Freedman M R, Holzbach R T, Ferguson D R
Am J Med. 1981 May;70(5):1011-6. doi: 10.1016/0002-9343(81)90857-3.
Discrepancies have existed regarding the correlation between raised bile acid levels in cholestasis and the presence of pruritus. Nevertheless, the prevalent view is that bile acids have a direct etiologic role. To resolve the issue, we quantified separately all naturally-occurring bile acid species detectable in serum and skin, and on the skin surface of 13 patients with pruritus associated with cholestasis, 10 patients with cholestasis who did not have pruritus, three patients with uremia and generalized pruritus and in 10 controls. We were unable to find any correlations between the presence of pruritus and bile acid levels from the various sources. We did find great overlap in these same values with data from the group with cholestasis but without pruritus. As expected, the symptomatic (uremic) and asymptomatic control groups showed comparable levels. The results of the present study together with those of a similar recent study provide strong evidence against the hypothesis of a direct causative role for retained bile acids in pruritus associated with cholestasis.

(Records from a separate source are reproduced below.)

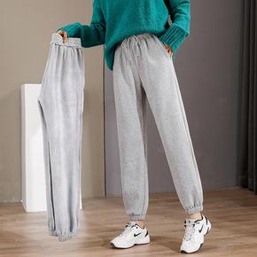 灰色加绒运动裤女秋冬宽松束脚裤子哈伦显瘦加厚外穿休...
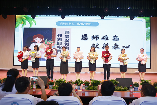 一束束芬芳的鲜花,一段段难忘的时光,一句句真诚的感谢。接下来学生代表为老师献鲜花送祝福,向老师们真诚地道一声:“老师,您辛苦了!”
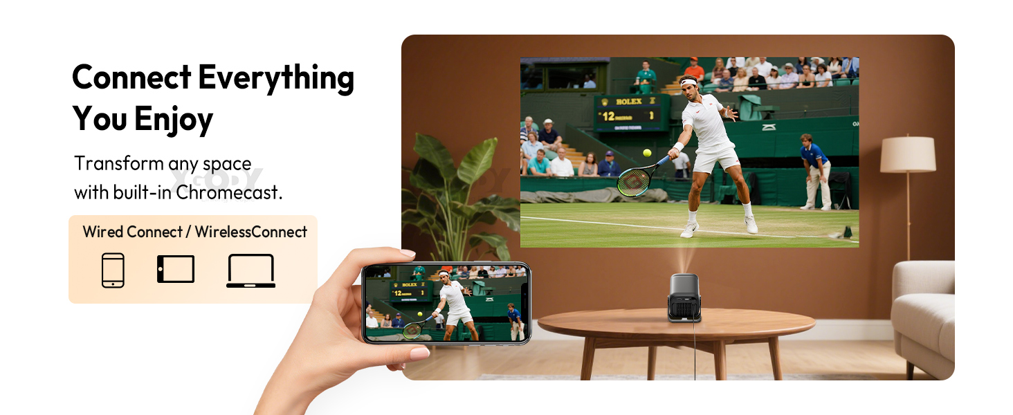 【Real 4K Support Projector】Unlike other fake 4K projectors (only with native 1280 x 720 resolution), it delivers a true visual feast. With 25,000 lumens, native 1920 x 1080P resolution, and 100% RGB, you'll get much clearer images and more vibrant color quality. Thanks to the Ultra HD 4K video decoding feature, the Gimbal A5 projector lets you directly view TRUE 4K videos with a resolution of 3840 x 2160. |
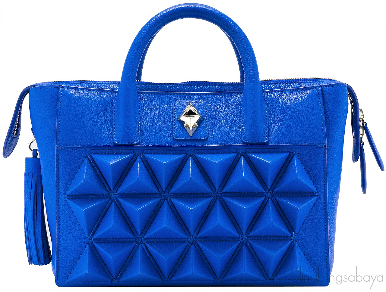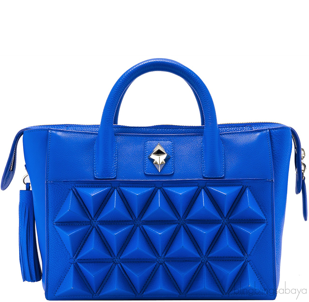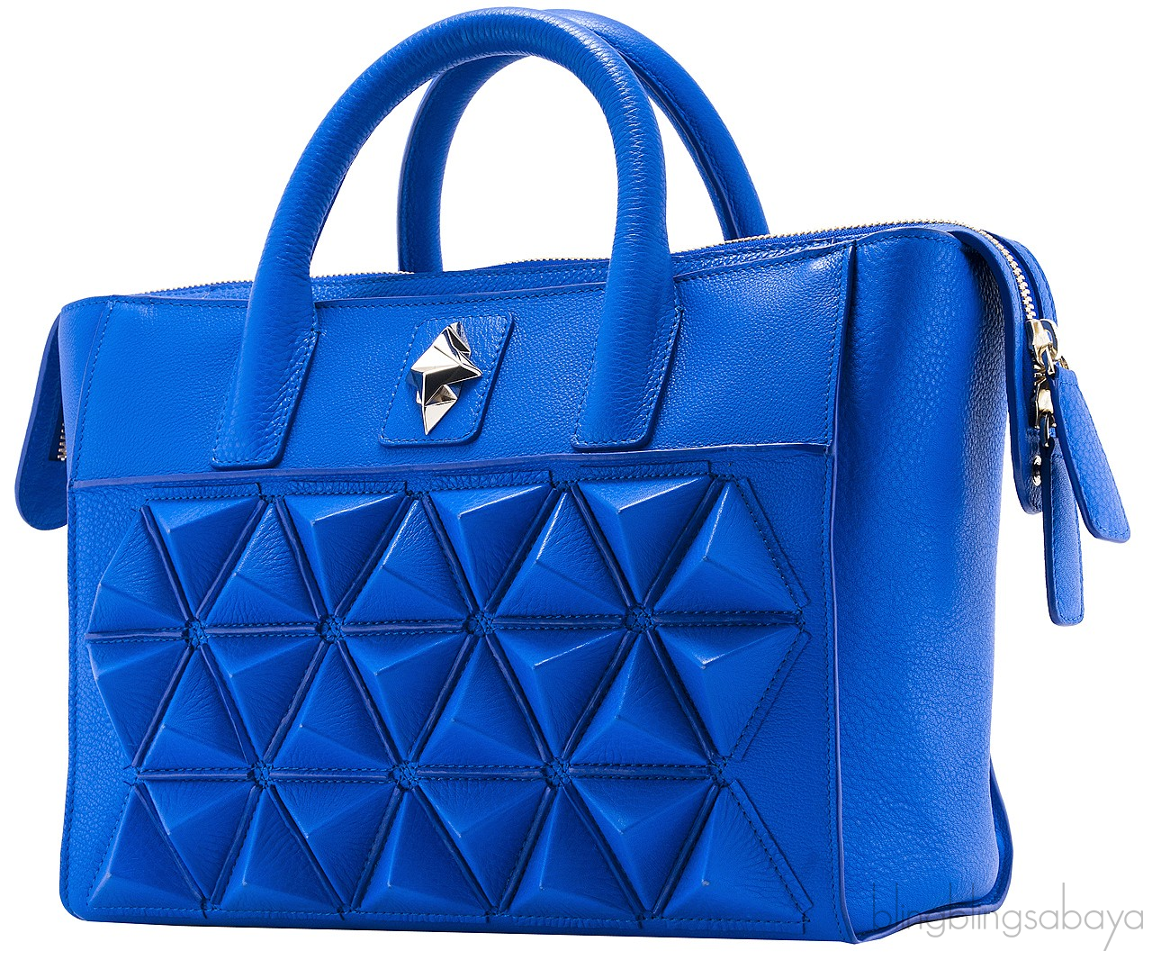 Known for its geometric sleek design, this bag features a funky pyramid design on the front with a golden metal logo2. It comes in two rolled leather handle and a dangling leather on the side. It has the top zip opening and interior is lined with coordinating blue lambskin leather with several compartment inside.
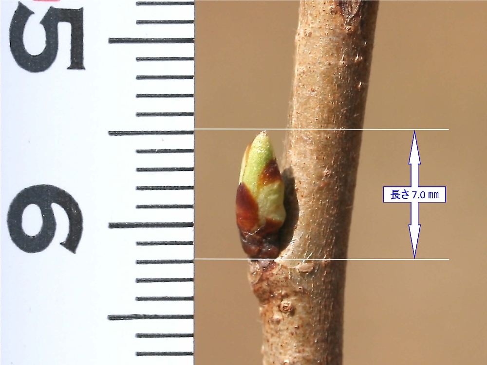MEMO: 神代曙の冬芽で、円錐形で、長さが 7.0 ㎜と長くなってきたが、 それでもまだまだ小さく、この芽が花芽か葉芽かは全く区別がつかない
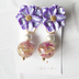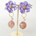 紫の花とコットンパール&レジンの揺れるピアス・イヤリング
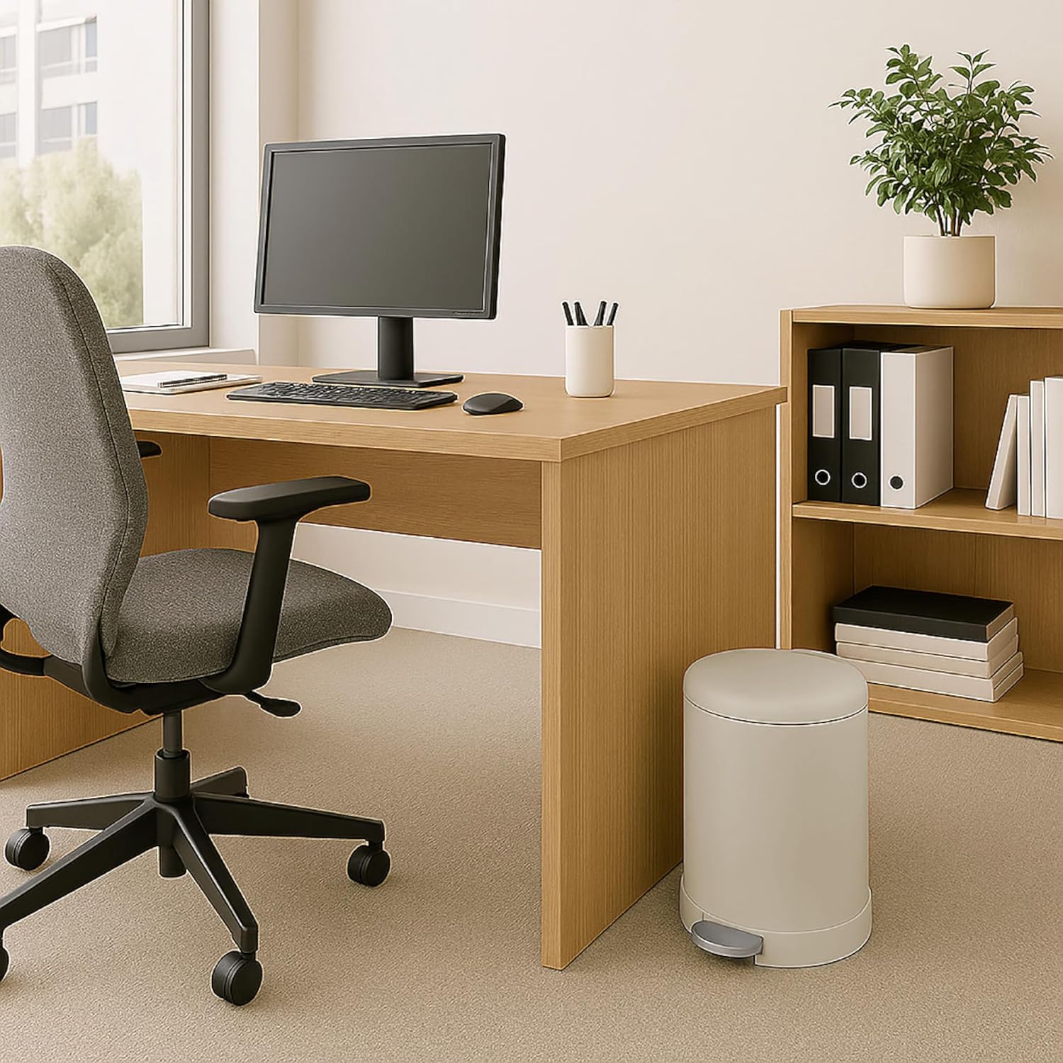 - SMALL TRASH CAN WITH LID - The 1.2-gallon capacity makes this compact trash can the perfect size for rooms with limited space. Makes a great office trash can for near desk, lidded bathroom wastebasket, and tiny step can for apartment kitchens.

胆汁淤积时胆汁酸水平升高与瘙痒症之间的相关性一直存在争议。然而,普遍的观点是胆汁酸具有直接的病因学作用。为了解决这个问题,我们分别对血清、皮肤以及13例胆汁淤积相关瘙痒症患者、10例无瘙痒症的胆汁淤积患者、3例尿毒症伴全身性瘙痒患者和10例对照者的皮肤表面中可检测到的所有天然存在的胆汁酸种类进行了定量分析。我们未能发现瘙痒症的存在与来自不同来源的胆汁酸水平之间存在任何相关性。我们确实发现这些相同的值与无瘙痒症的胆汁淤积组的数据有很大重叠。正如预期的那样,有症状的(尿毒症)对照组和无症状对照组显示出相当的水平。本研究结果与近期一项类似研究的结果共同提供了有力证据,反对胆汁酸潴留与胆汁淤积相关瘙痒症存在直接因果关系这一假说。